Fragile X syndrome is an inherited condition and is linked to a problem with the X chromosome.
Boys are generally more severely affected than girls, probably because girls carry two X chromosomes - one of which is presumed to be normal.
The disorder causes a mental disability in about one in 4000 boys and one in 8000 girls.
Most boys will need extra help at school and may never be able to live on their own. Girls may have milder learning problems and many grow up to live independently.
Half of girls with the gene are not considered mentally disabled, but most have some learning problems.
Unaffected family members can pass the genetic mutation onto their own children or grandchildren, and in some cases the disorder has been passed on in families for many generations. In other circumstances the syndrome can skip several generations before it shows up again.
An estimated one in 250 women carry the fragile X premutation.
What are the symptoms?
Sometimes the disorder can go unrecognised until mid-childhood. However, the syndrome can be diagnosed by neonatal screening.
Most boys will show some level of mental retardation with an IQ of 60 or 70 (normal or "average" IQ is 100). An estimated 80 percent of affected boys and 35 percent of girls with the syndrome will have some degree of intellectual handicap.

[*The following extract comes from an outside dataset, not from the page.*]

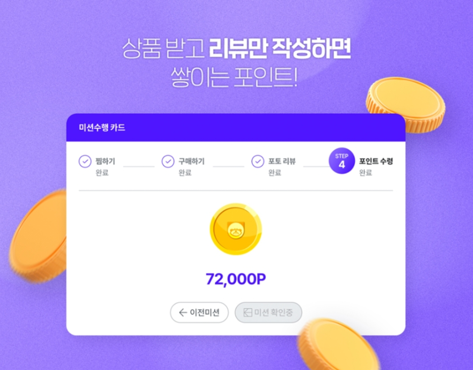 미션을 완료하면 포인트를 수령합니다.
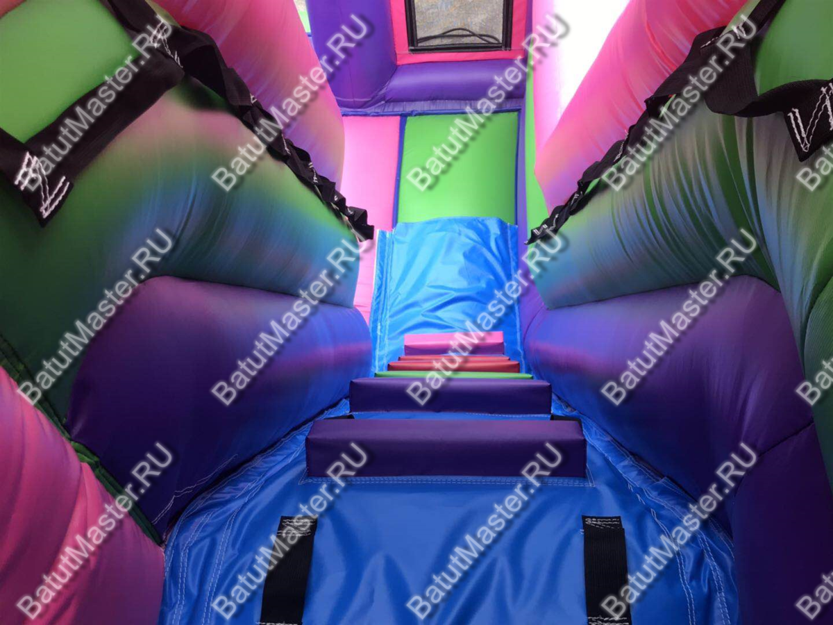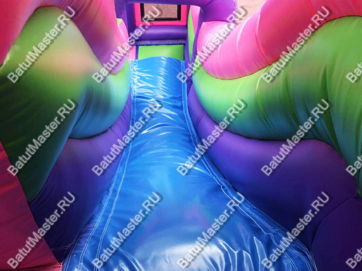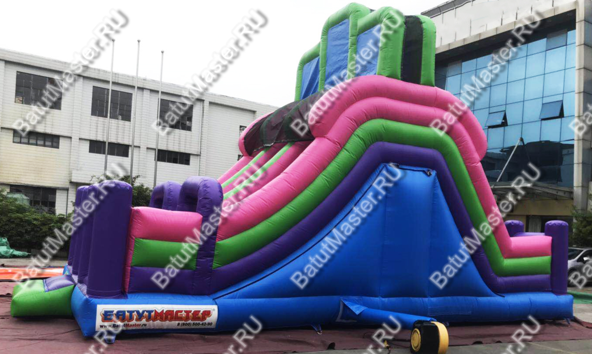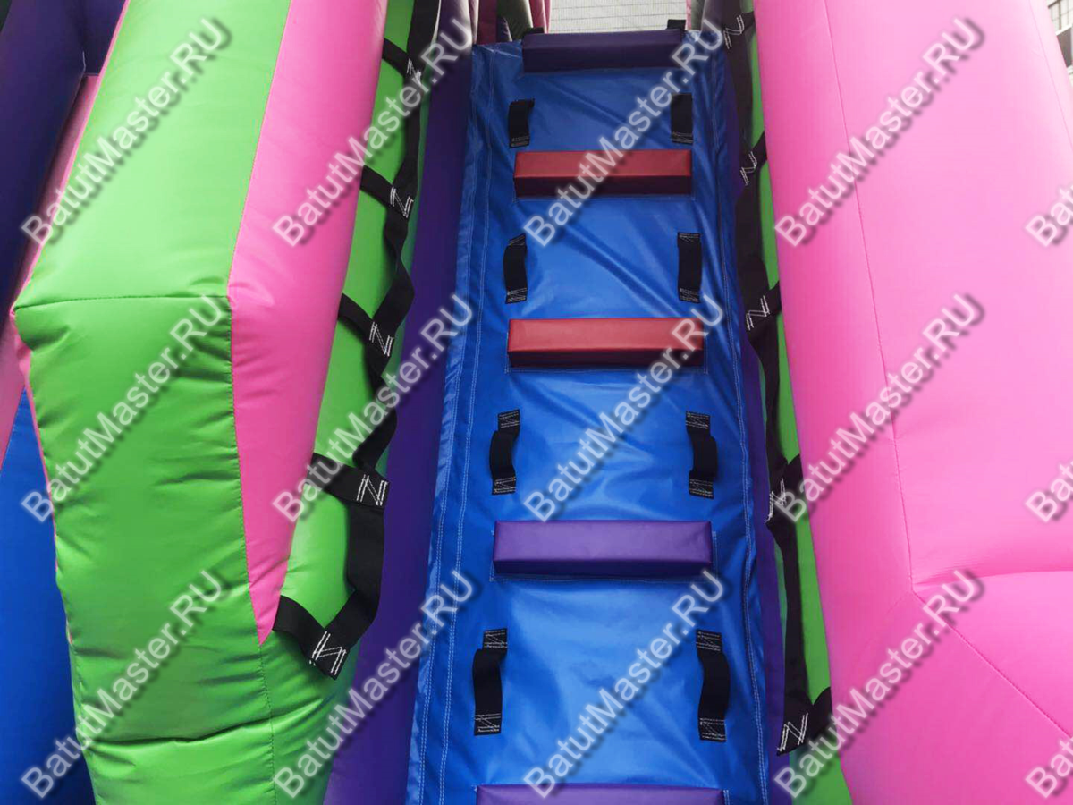 Стоит отметить безопасность батута: по краям горки находятся надувные высокие борта, чтобы дети не выпали наружу, а также не мешали друг другу при подъеме.

Learning difficulties include slow learning, delayed speech, attention deficit disorder, and hyperactivity. Affected individuals may also show some form of autism and/or aggression.
Fragile X syndrome also has some physical characteristics that affect some individuals. Adult males may have a long face, large ears and large testicles.
Affected girls may have a thin face, and prominent ears.
Sufferers of both sexes may also have double-jointed fingers, flat feet and a heart murmur.
What can be done to help?
There is no cure for fragile X syndrome, but special education is available to help affected children.
Various forms of therapy can help including speech and occupational therapy.
Educational programmes should be developed to meet the individual's strengths and weaknesses. The child's behavioural problems and physical needs must also be addressed.
Medication can also be used in some cases to control hyperactivity, aggression, and/or depression.
There is concern that information about the syndrome is not being passed down to new generations due to the disorder sometimes skipping several generations.
A new screening system to test girls at college or during ante-natal testing, or testing boys at birth is now being advocated to identify carriers earlier and enable them to make informed family planning decisions.
An Australian programme offering genetic testing to families affected by the syndrome has resulted in a reduction in the fragile X syndrome from 2.5 to 1 in 10,000 in the past 10 years.
It is possible to screen for the syndrome while pregnant with the use of amniocentesis or chorionic villus sampling (CVS) and decide whether to continue with the pregnancy.
All couples with a family history of the disorder should seek genetic counselling prior to having children, and undergo screening during pregnancy.